In a major success in the fight against cybercrime, INTERPOL today announced that it had identified a botnet of some 20,000 bots in ransomware attacks across the world.
Assuming the cooperation of operations of 25 countries, Operation Secure, which lasted four months from January 2025 to April 2025, resulted in 41 server seizures, more than 100 GB of data which translated to over 400,000 child victims; and 32 arrests globally.
Organised under the Asia and South Pacific Joint Operations Against Cybercrime (ASPJOC) Project, this major operation demonstrates the importance of international collaboration and public-private partnership to fight cyber threats that are constantly growing and changing.
In advance of the operation, INTERPOL collaborated closely with private-sector cybersecurity companies such as Group-IB, Kaspersky and Trend Micro to develop key intelligence which resulted in targeted takedowns to remove 79% of identified suspicious IP addresses.
Information stealer malware is’ the leading backdoor related to gaining unauthorized network access, explicitly created to steal sensitive information like credentials, passwords, credit card details, and cryptocurrency wallet data.

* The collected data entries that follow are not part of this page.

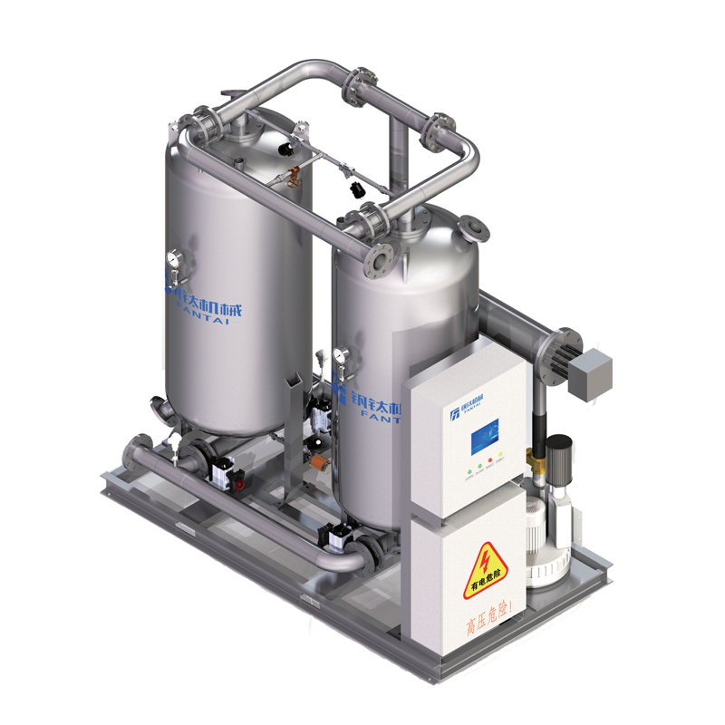 26. 压缩空气由设备入口经阀门控制进入A塔吸附,得到净化的压缩空气,由排气截止阀输出到下游用气点。由鼓风机吸入大气中的空气,加热至合适的温度,进入B塔,对B塔进行再生,解析出B塔吸附剂已吸附的水分。加热完成后,从设备出口引少量成品气对床层进行冷却。FBP型微气耗鼓风热吸附式干燥机结构相对简单、露点温度、气耗低,适用气量范围大,可广泛应用于半导体,化工,锂电,钢铁等露点需求高的行业。
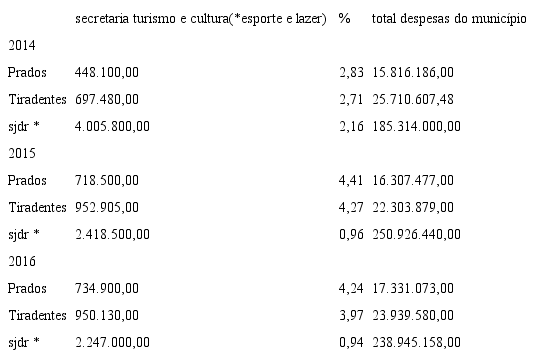 Somente os municípios de Prados e Tiradentes possuem Secretaria Municipal exclusiva de Turismo e Cultura. O Município de São João Del Rei detém uma secretaria integrada de cultura, turismo, esporte e lazer, dividida em superintendências. Deste modo, o orçamento divulgado no portal de transparência do município possui valores globais das secretarias e não subdivididos por superintendências, comprometendo, assim, uma análise precisa de investimentos realizados, especificamente, na área de cultura e turismo.
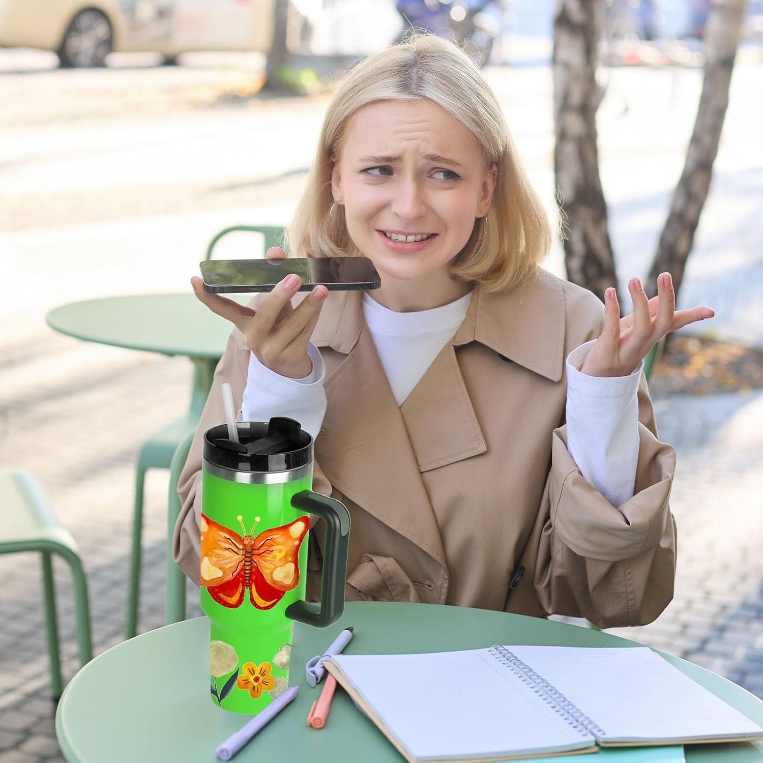 40oz Sublimation Tumbler with Handle&Straw &Lid – Cup holder Friendly Travel Mug-Stainless Steel Neon Tumbler Double Wall Spill Proof Water Bottle – Gifts for Women Men Him Her(green)
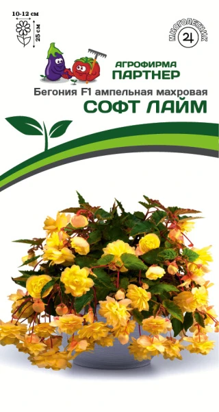 Софт Лайм - роскошная ампельная бегония для воплощения самых смелых идей в вертикальном обустройстве сада! Без сомнения, сочетает в себе все самое лучшее: невероятно эффектную ампельную форму и обильное, продолжительное цветение! Пышные растения достигают в диаметре более 60 см, при этом ниспадающие побеги, длиной до 40 см, создают водопад, полностью усыпанный королевскими махровыми ярко-желтыми цветками. Все части растения обильно напитаны влагой и оттого довольно хрупкие. Бегония предпочитает полутень, но в то же время положительно относится к утренним и вечерним солнечным процедурам. Оптимальным для нее будет тихое, защищенное от ветра место, где до 11 часов утра и после 17 часов вечера солнечно, а в остальные дневные часы ажурная полутень. В целом бегония теневыносливое растение и эта ее удивительная особенность активно используется в ландшафтном дизайне. Немного найдется красиво цветущих растений, способных придать праздничное убранство затененным уголкам сада. Бегония тут вне конкуренции. Яркая бегония - это прекрасный вариант для подвесных корзин, вазонов и один из самых эффектных цветков для украшения балконов! Рекомендуемый объем кашпо 7-8 л на одно растение.
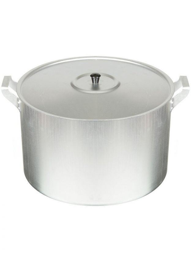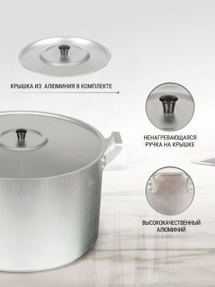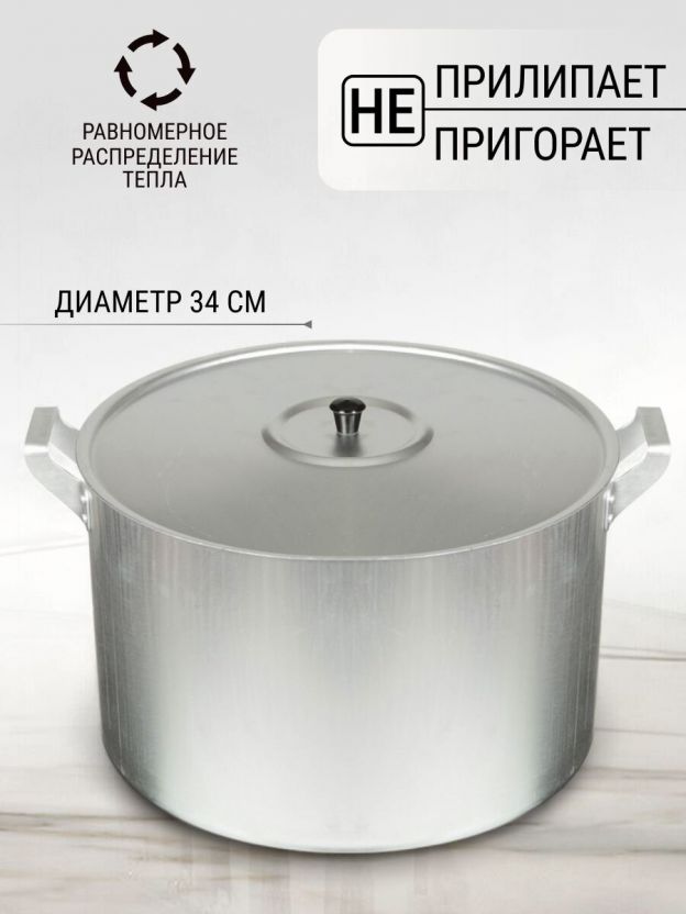 Кастрюля рассчитана на 20 литров, диаметр и дно — 34 см, высота с крышкой — 24,5 см. Отлично подходит для супов, макарон, пельменей, компотов и заготовок на зиму.
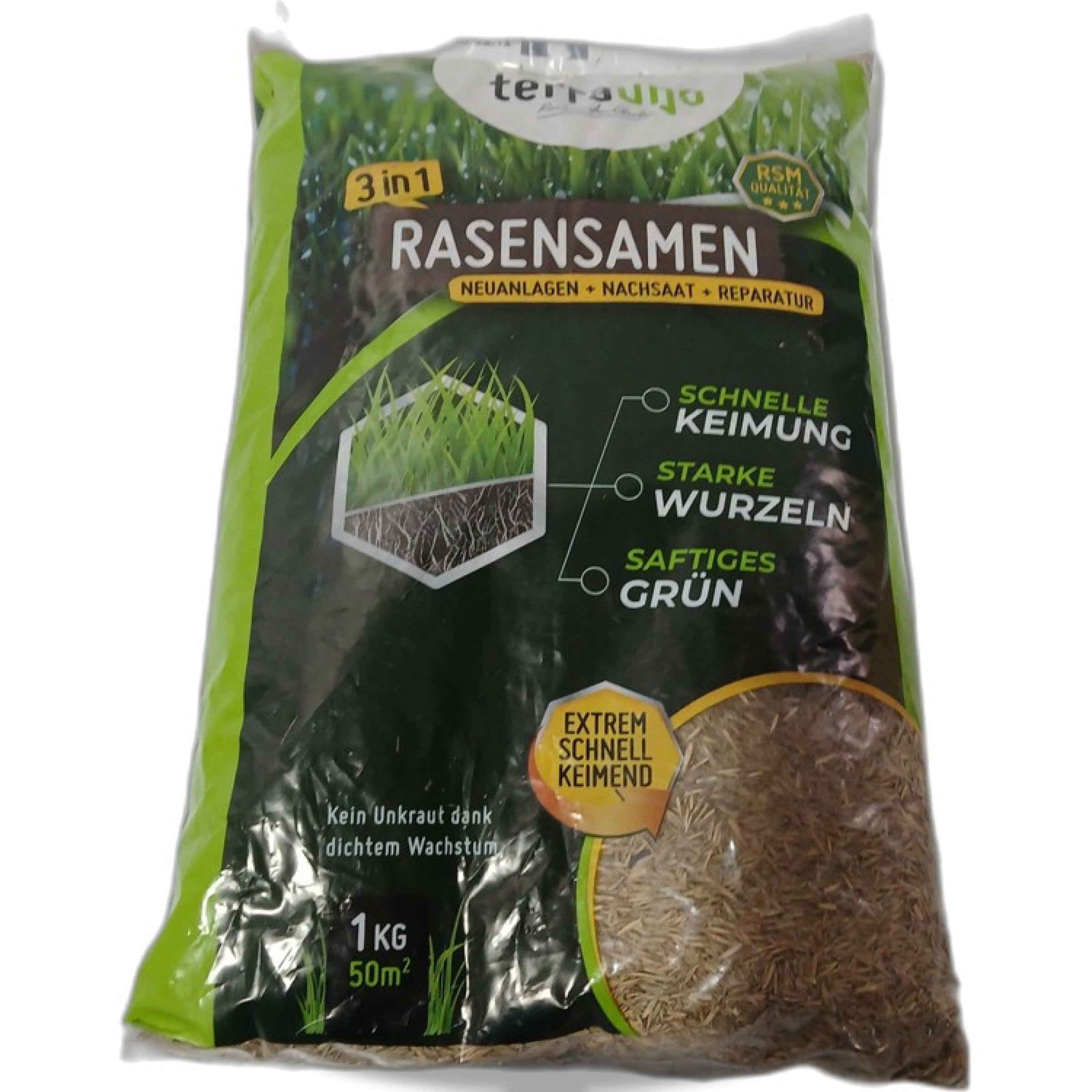 1 Stk. Terrauno Rasensamen 3in1 Neuanlagen+Nachsaat+Reperatur 1 KG ca 50 Quadratmeter

These compromised “logs” are often bought and sold on the cybercriminal underground, acting as the first point of entry-point into more sophisticated attacks such as ransomware deployments, data breaches, and business email compromise (BEC) schemes.
Moving forward, Some important takeaways from Operation Secure are relevant:
Increased International Cooperation: The result of the operation illustrates the power of jurisdictions working together, an essential facet of dismantling global cybercrime networks that take advantage the internet’s borderless environment.
The Importance of Public-Private Partnerships: Working with cybersecurity companies was critical to furnishing actionable intelligence that enabled law enforcement to quickly identify and dismantle malicious infrastructure.
Takedown of Cybercriminal Operations: We removed malicious IPs and servers through Operation Secure to eliminate the control being exercised by cyber criminals on exploited computers, thereby preventing widespread damage to individuals and businesses.
Proactive Victim Notification: In the aftermath of the operation, law enforcement notified more than 216,000 potential victims, and notified those victims of steps they can take to prevent future fraud, such as by changing account passwords and freezing accounts.
INTERPOL’s Director of Cybercrime, Neal Jetton underlined the commitment to continued operations: “Operation Secure has demonstrated yet again the strength of collaboration in intelligence sharing to disrupt malicious infrastructure and prevent significant harm to both corporate and individual victims.”
This operation is a stark reminder of the continued threat posed by infostealers and the importance of strong, cooperative defenses against these threats.